I have an application running in my GKE cluster that needs access to www.googleapis.com. I also make use of Network Policy to enhance security.
With a default deny all egress traffic in place, I cannot connect to www.googleapis.com naturally. I get the error
INFO 0827 14:33:53.313241 retry_util.py] Retrying request, attempt #3...
DEBUG 0827 14:33:53.313862 http_wrapper.py] Caught socket error, retrying: timed out
DEBUG 0827 14:33:53.314035 http_wrapper.py] Retrying request to url https://www.googleapis.com/storage/v1/b?project=development&projection=noAcl&key=AIzaSyDnac<key>bmJM&fields=nextPageToken%2Citems%2Fid&alt=json&maxResults=1000 after exception timed out
I found out that the hostname www.googleapis.com corresponds to the IP 216.58.207.36
So I went ahead an created an egress entry in my Network Policy
spec:
egress:
- ports:
- port: 443
protocol: TCP
to:
- ipBlock:
cidr: 216.58.207.36/32
And now from within the Pod, I can telnet this endpoint
$ telnet googleapis.com 443
Trying 216.58.207.36...
Connected to googleapis.com.
Escape character is '^]'.
But for some reason Im still encountering the same error
INFO 0827 14:36:15.767508 retry_util.py] Retrying request, attempt #5...
DEBUG 0827 14:36:15.768018 http_wrapper.py] Caught socket error, retrying: timed out
DEBUG 0827 14:36:15.768128 http_wrapper.py] Retrying request to url https://www.googleapis.com/storage/v1/b?project=development&projection=noAcl&key=AIzaSyDnac<key>bmJM&fields=nextPageToken%2Citems%2Fid&alt=json&maxResults=1000 after exception timed out
However if I delete the network policy, I can connect
INFO 0827 14:40:24.177456 base_api.py] Body: (none)
INFO 0827 14:40:24.177595 transport.py] Attempting refresh to obtain initial access_token
WARNING 0827 14:40:24.177864 multiprocess_file_storage.py] Credentials file could not be loaded, will ignore and overwrite.
DEBUG 0827 14:40:24.177957 multiprocess_file_storage.py] Read credential file
WARNING 0827 14:40:24.178036 multiprocess_file_storage.py] Credentials file could not be loaded, will ignore and overwrite.

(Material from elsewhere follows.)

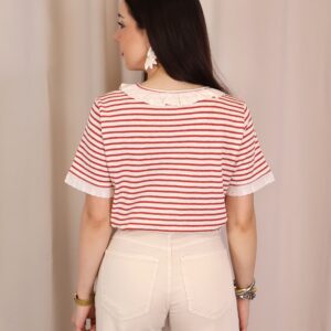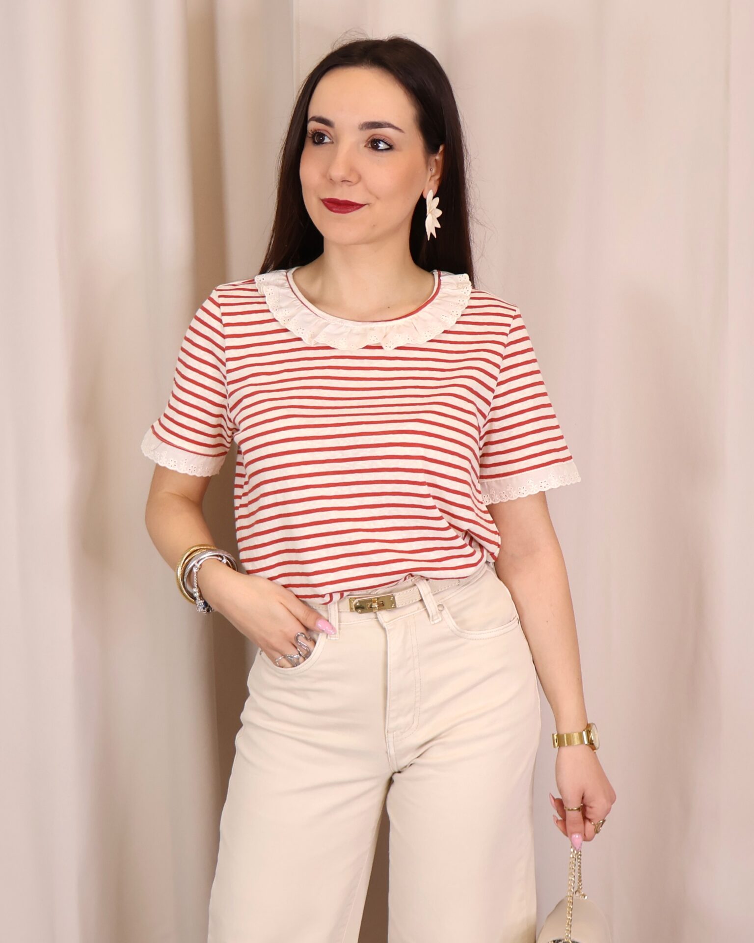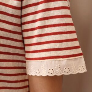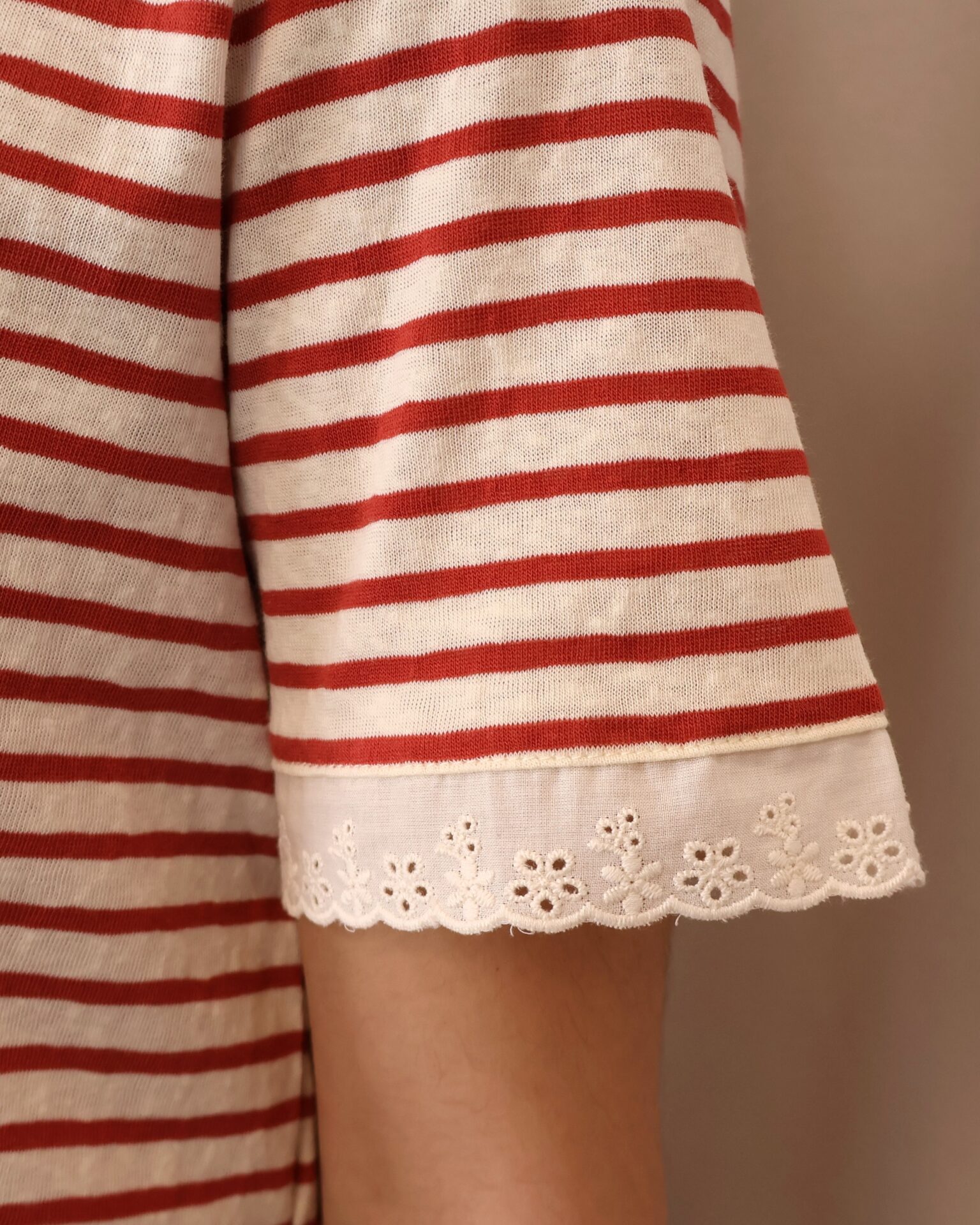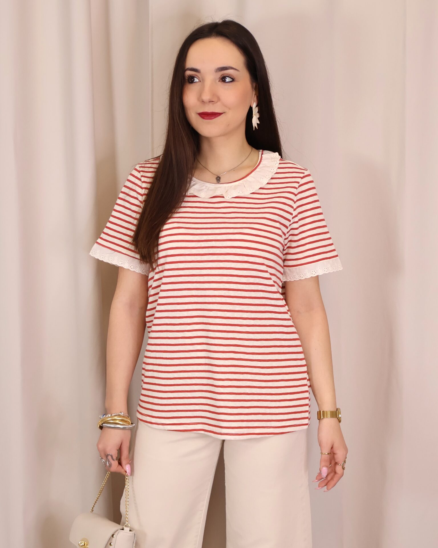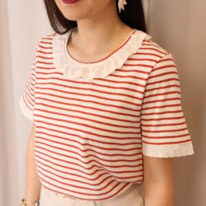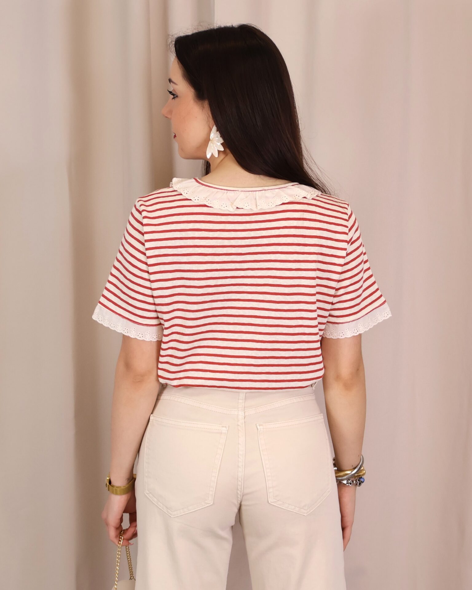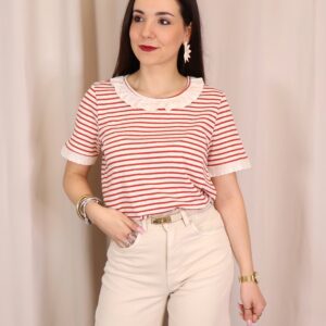Camiseta de rayas en blanco y rojo con un delicado cuello redondo adornado con puntilla en todo su borde. Confeccionada en tejido suave y cómodo, presenta manga corta también rematada con puntilla a juego. Perfecta para looks casuales con un aire romántico y fácil de combinar con cualquier prenda.

DEBUG 0827 14:40:24.178090 multiprocess_file_storage.py] Read credential file
WARNING 0827 14:40:24.356631 multiprocess_file_storage.py] Credentials file could not be loaded, will ignore and overwrite.
DEBUG 0827 14:40:24.356972 multiprocess_file_storage.py] Read credential file
DEBUG 0827 14:40:24.357510 multiprocess_file_storage.py] Wrote credential file /var/lib/jenkins/.gsutil/credstore2.
connect: (www.googleapis.com, 443)
send: 'GET /storage/v1/b?project=development&fields=nextPageToken%2Citems%2Fid&alt=json&projection=noAcl&maxResults=1000 HTTP/1.1\r\nHost: www.googleapis.com\r\ncontent-length: 0\r\nauthorization: REDACTED
My Network Policy allows ALL ingress traffic by default
ingress:
- {}
podSelector: {}
Any idea what I might be missing here ? Is there some other IP address that I need to whitelist in this case ?
EDIT
When the network Policy is in place, I did a test using curl and I get
* Trying 2a00:1450:4001:80b::200a...
* TCP_NODELAY set
* Immediate connect fail for 2a00:1450:4001:80b::200a: Cannot assign requested address
* Trying 2a00:1450:4001:80b::200a...
* TCP_NODELAY set
* Immediate connect fail for 2a00:1450:4001:80b::200a: Cannot assign requested address
* Trying 2a00:1450:4001:80b::200a...
* TCP_NODELAY set
* Immediate connect fail for 2a00:1450:4001:80b::200a: Cannot assign requested address
* Trying 2a00:1450:4001:80b::200a...
* TCP_NODELAY set
* Immediate connect fail for 2a00:1450:4001:80b::200a: Cannot assign requested address
* Trying 2a00:1450:4001:80b::200a...
* TCP_NODELAY set
* Immediate connect fail for 2a00:1450:4001:80b::200a: Cannot assign requested address
* Trying 2a00:1450:4001:80b::200a...
* TCP_NODELAY set
* Immediate connect fail for 2a00:1450:4001:80b::200a: Cannot assign requested address
This does not happen when the Network Policy is deleted.

The comment from #mensi is correct, there are multiple IPs behind www.googleapis.com. You can for example see that by pinging the URL multiple times, you'll most likely get a different IP every time.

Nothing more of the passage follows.